La negazione a priori dell'autorità si risolve in un angelicarsi degli uomini ed in uno sviluppo irrompente di un genio collettivo, quasi immanente alla rivoluzione, che si chiama iniziativa popolare. Il popolo, in questo sistema, è omogeneo, per natura e per impulsi. Tende a unificare i propri sforzi in lineare tendenza comunista. Il problema delle rappresentanze, il problema dei rapporti intercomunali, il problema della surrogazione dello Stato: tutto questo ha soluzioni o strettamente parziali o del tutto insufficienti perché ottimistiche o anacronistiche. Kropotkin non ci basta. Ed i nostri migliori, da Malatesta a Fabbri, non riescono a risolvere i quesiti che ci poniamo, offrendo soluzioni che siano politiche. La politica è calcolo e creazione di forze realizzanti un'approssimarsi della realtà al sistema ideale, mediante formule di agitazione, di polarizzazione e di sistemazione, atte ad essere agitanti, polarizzanti e sistematizzanti in un dato momento sociale e politico.
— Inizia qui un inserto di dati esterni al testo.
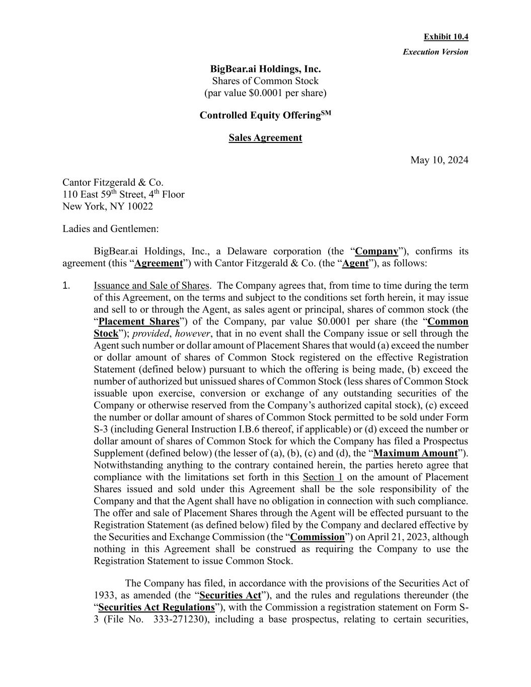 Exhibit 10.4 Execution Version BigBear.ai Holdings, Inc. Shares of Common Stock (par value $0.0001 per share) Controlled Equity OfferingSM Sales Agreement May 10, 2024 Cantor Fitzgerald & Co. 110 East 59th Street, 4th Floor New York, NY 10022 Ladies and Gentlemen: BigBear.ai Holdings, Inc., a Delaware corporation (the “Company”), confirms its agreement (this “Agreement”) with Cantor Fitzgerald & Co. (the “Agent”), as follows: 1. Issuance and Sale of Shares. The Company agrees that, from time to time during the term of this Agreement, on the terms and subject to the conditions set forth herein, it may issue and sell to or through the Agent, as sales agent or principal, shares of common stock (the “Placement Shares”) of the Company, par value $0.0001 per share (the “Common Stock”); provided, however, that in no event shall the Company issue or sell through the Agent such number or dollar amount of Placement Shares that would (a) exceed the number or dollar amount of shares of Common Stock registered on the effective Registration Statement (defined below) pursuant to which the offering is being made, (b) exceed the number of authorized but unissued shares of Common Stock (less shares of Common Stock issuable upon exercise, conversion or exchange of any outstanding securities of the Company or otherwise reserved from the Company’s authorized capital stock), (c) exceed the number or dollar amount of shares of Common Stock permitted to be sold under Form S-3 (including General Instruction I.B.6 thereof, if applicable) or (d) exceed the number or dollar amount of shares of Common Stock for which the Company has filed a Prospectus Supplement (defined below) (the lesser of (a), (b), (c) and (d), the “Maximum Amount”). Notwithstanding anything to the contrary contained herein, the parties hereto agree that compliance with the limitations set forth in this Section 1 on the amount of Placement Shares issued and sold under this Agreement shall be the sole responsibility of the Company and that the Agent shall have no obligation in connection with such compliance. The offer and sale of Placement Shares through the Agent will be effected pursuant to the Registration Statement (as defined below) filed by the Company and declared effective by the Securities and Exchange Commission (the “Commission”) on April 21, 2023, although nothing in this Agreement shall be construed as requiring the Company to use the Registration Statement to issue Common Stock. The Company has filed, in accordance with the provisions of the Securities Act of 1933, as amended (the “Securities Act”), and the rules and regulations thereunder (the “Securities Act Regulations”), with the Commission a registration statement on Form S- 3 (File No. 333-271230), including a base prospectus, relating to certain securities,
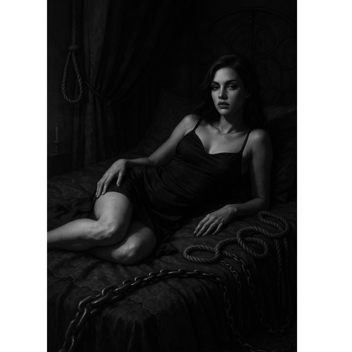 Genre: industrial hard rock with a seductive female lead, Confident, smoky female vocal with fierce attitude and edge, Tempo around 102 BPM, minor mode, Layered distorted rhythm sections with metallic grit; chugging riffs blended with processed synths for a cyber-mechanical texture, Heavy bass distortion locked to pounding live drums and electronic percussion hits, Verses keep a tense, hypnotic groove; choruses hit wide and explosive with stacked guitars and harmonized vocals, Bridge introduces industrial noise elements and a powerful build to the finale, Production dense, modern, and aggressive with saturated analog feel, Mood: dangerous, sexy, and commanding—dark energy and raw confidence; pure industrial hard-rock seduction without softness or explicitness
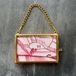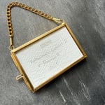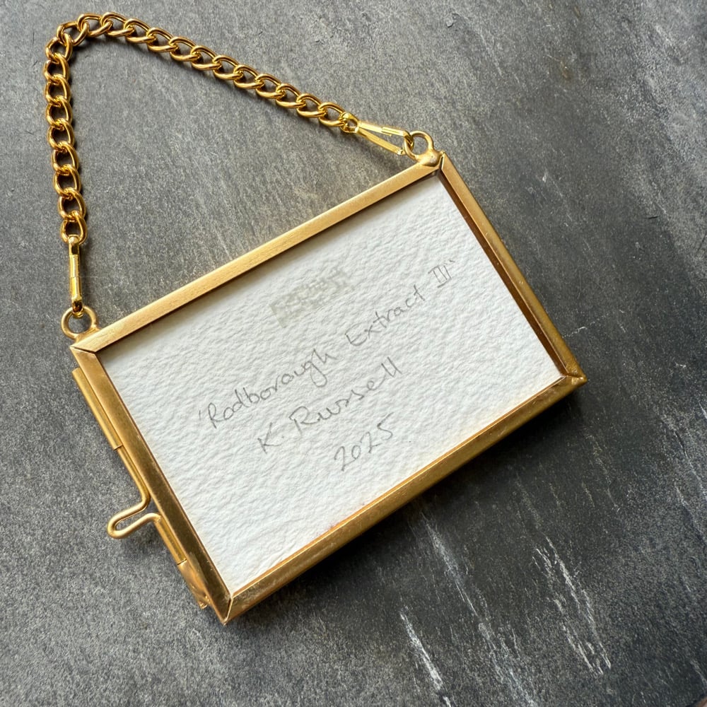 Signed on the reverse and framed in a small, brass, floating glass hanging frame.
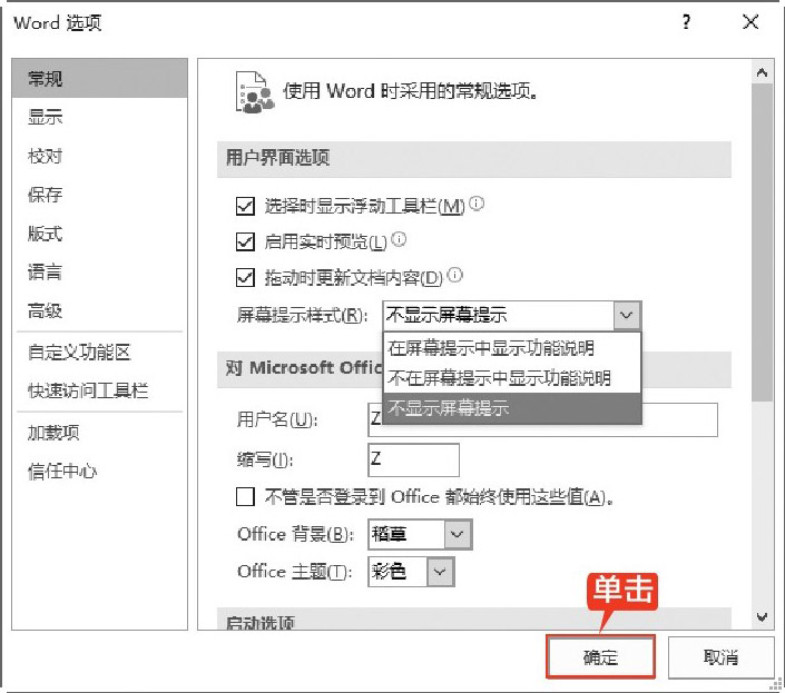 第2步 选择【文件】选项卡,选择【选项】选项,打开【Word选项】对话框,选择【常规】选项,在右侧【用户界面选项】组中单击【屏幕提示样式】后的下拉按钮,在弹出的下拉列表中选择【不显示屏幕提示】选项,单击【确定】按钮。
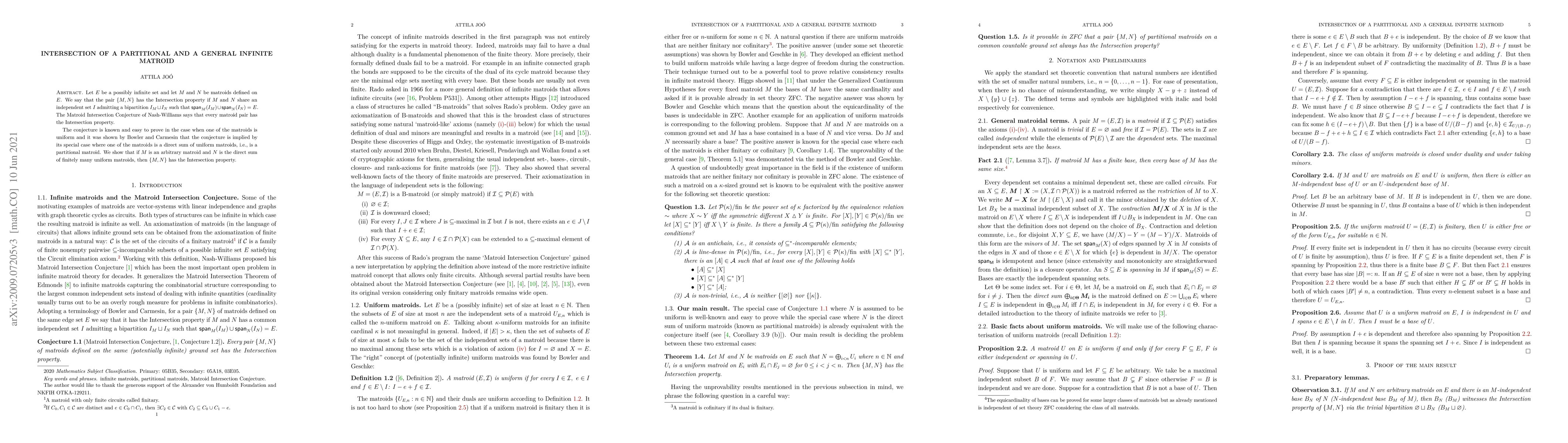 Let $ E $ be a possibly infinite set and let $ M $ and $ N $ be matroids defined on $ E $. We say that the pair $ \{ M,N \} $ has the Intersection property if $ M $ and $ N $ share an independent set $ I $ admitting a bipartition $ I_M\sqcup I_N $ such that $ \mathsf{span}_M(I_M)\cup \mathsf{span}_N(I_N)=E $. The Matroid Intersection Conjecture of Nash-Williams says that every matroid pair has the Intersection property. The conjecture is known and easy to prove in the case when one of the matroids is uniform and it was shown by Bowler and Carmesin that the conjecture is implied by its special case where one of the matroids is a direct sum of uniform matroids, i.e., is a partitional matroid. We show that if $ M $ is an arbitrary matroid and $ N $ is the direct sum of finitely many uniform matroids, then $ \{ M, N \} $ has the Intersection property.

Un anarchismo attualista, consapevole delle proprie forze di combattività e di costruzione e delle forze avverse, romantico col cuore e realista col cervello, pieno di entusiasmo e capace di temporeggiare, generoso e abile nel condizionare il proprio appoggio, capace, insomma, di un'economia delle proprie forze: ecco il mio sogno. E spero di non essere solo.

Se l'anarchismo non imbocca questa via, se chiuderà gli occhi per sognare i giardini in fiore dell'avvenire, se indugerà nella ripetizione di dottrinari luoghi comuni che lo isolano nel nostro tempo, la gioventù si ritrarrà da lui, come da un romanticismo sterile, come da un dottrinarismo cristallizzato. La crisi dell'anarchismo è evidente. O la botte vecchia resisterà al vino nuovo, o il vino nuovo cercherà una botte nuova.

 

Parigi 1926.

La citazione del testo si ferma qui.